Igor Vorotinov, 54, appeared in federal court Monday in Minneapolis after being indicted in February 2015 on one count of mail fraud. Authorities captured Vorotinov in Moldova on Nov. 14, where he was turned over to FBI agents from Minneapolis, said FBI spokesman Michael Kulstad. Vorotinov was then extradited to the United States three days later, according to the U.S. Attorney’s Office.
His ex-wife, Irina Vorotinov, 51, was sentenced two years ago to three years and one month in prison for her role in the scheme that included having someone’s ashes other than those of Igor Vorotinov interred at Lakewood Cemetery in Minneapolis.
The couple’s son, Alkon Vorotinov, 29, of New Hope, pleaded guilty to concealing a felony and was sentenced shortly before his mother to three years’ probation and 300 hours of community service.
As part of the federal investigation, ashes that had been interred in late 2011 at a Lakewood mausoleum as Igor Vorotinov’s were removed for examination in June 2015. Authorities determined they were not Igor’s.
Mother and son are under court order to pay back Mutual of Omaha, which made good on the claim.
The first hint of Igor Vorotinov’s staged death came in October 2011, when police in Moldova were alerted to a body in the bushes at the entrance to the village of Cojusna. A passport, hotel cards and phone numbers identified the man as Igor Vorotinov.
Irina Vorotinov traveled to Moldova, went to a morgue with a U.S. Embassy official and identified the body as Igor’s. She returned to Minnesota with the ashes, held a funeral at the mausoleum on Nov. 4, 2011, and filed a death claim on the insurance policy. Kulstad said the agency does not know whose remains were interred.
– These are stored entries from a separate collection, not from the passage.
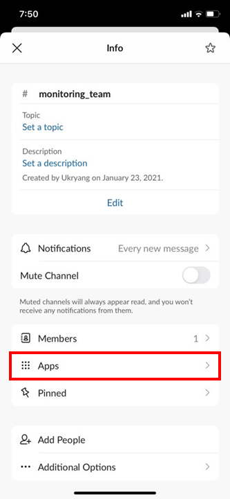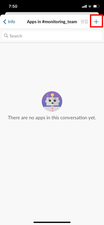 - + 버튼을 눌러 준 후 아까 추가한 App 이름을 검색한 후 해당 채널에 추가해줍니다.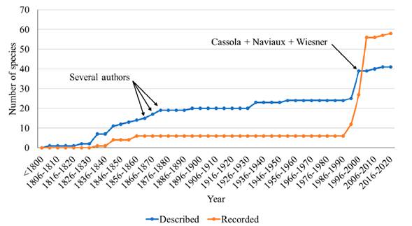 Figure 8: Cumulative number of tiger beetle species described from Colombia (in blue) and recorded from Colombia (in orange), in five-year increments, up to 2020. Species described from Colombia but subsequently synonymized are not included.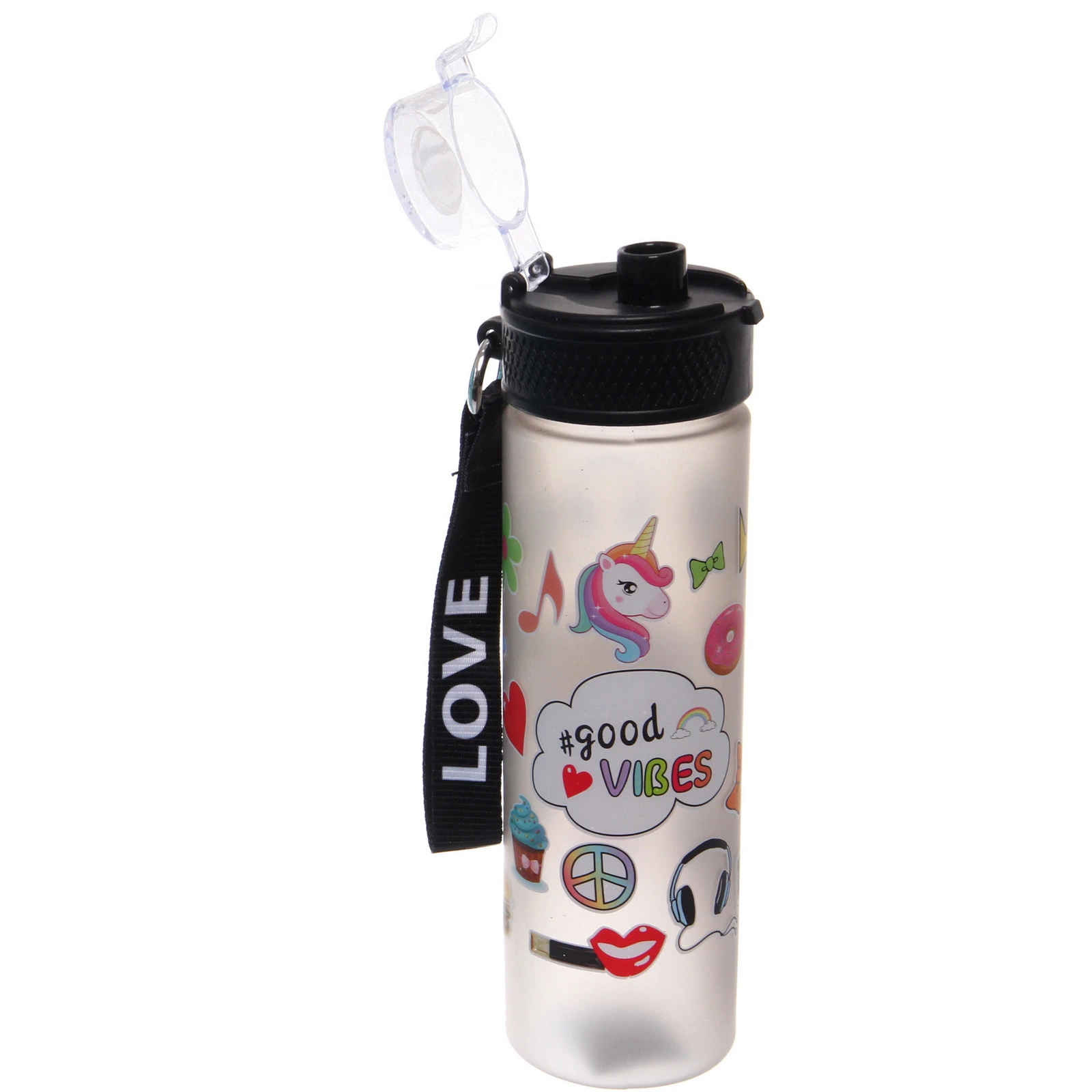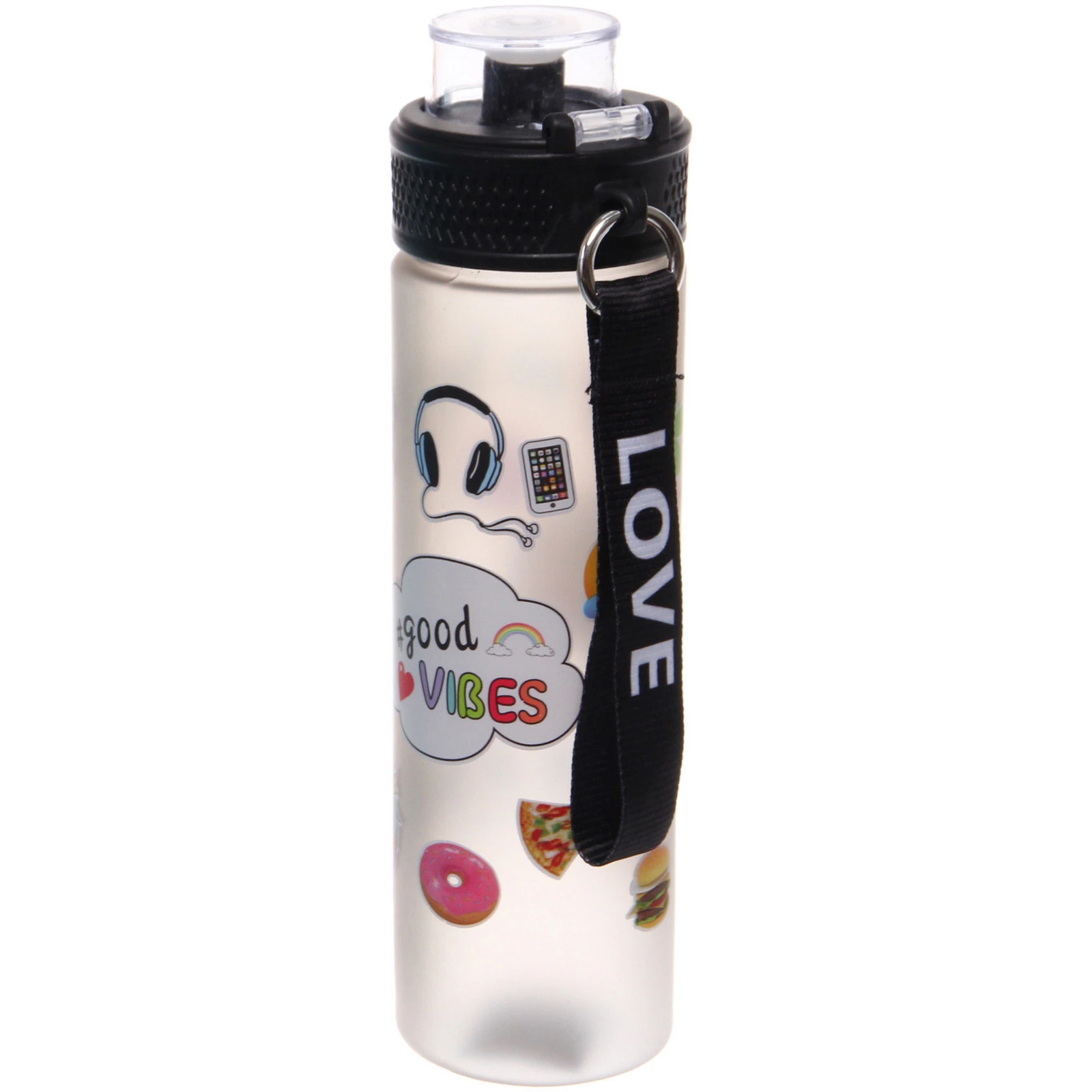 Модель выполнена из пластика с матовой полупрозрачной поверхностью. Рифленая крышка оснащена прозрачным откидным колпачком и защелкой, что позволяет быстро открыть бутылку и защитить питьевое отверстие от загрязнений. Тканевый ремешок облегчает переноску и добавляет удобства в повседневном использовании.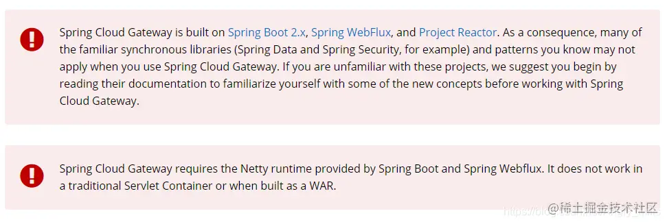 看一下官方这段说明,gateway 使用的是 webflux 和 reactor,有一些同步的包(data,security 可能不支持)。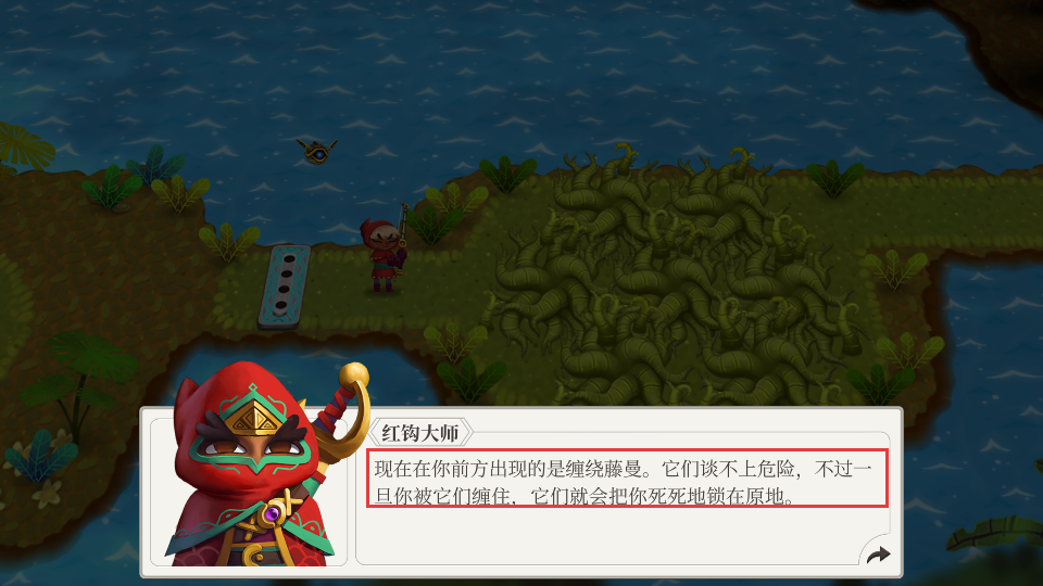 3、遇【红钩大师】提示时,知晓前方【缠绕藤蔓】特性,避免被缠住导致无法移动影响任务。

Mutual of Omaha sent a $2 million check to Irina Vorotinov, who was living in Maple Grove at the time, and it was deposited in a bank account. Between March 29, 2012, and January 2015, mother and son transferred more than $1.5 million of insurance proceeds to accounts in Switzerland and Moldova. Kulstad said the FBI is still trying to determine what happened to the money.
A tipster in Moldova told an FBI agent in June 2013 that Igor Vorotinov had staged his death and was living in Ukraine under a new identity, authorities said.
The son told federal authorities that his father had been living in various locations in Moldova and Ukraine under the name Nikolai Patoka, according to court records.
Customs agents stopped Alkon Vorotinov in Detroit in November 2013 as he returned from Moldova, and digital photos on his computer dated April and May of 2013 showed his father “very much alive” more than 1½ years after his supposed death, the court filing read.
Igor Vorotinov remains jailed ahead of a court appearance Monday. Court records do not list an attorney for him.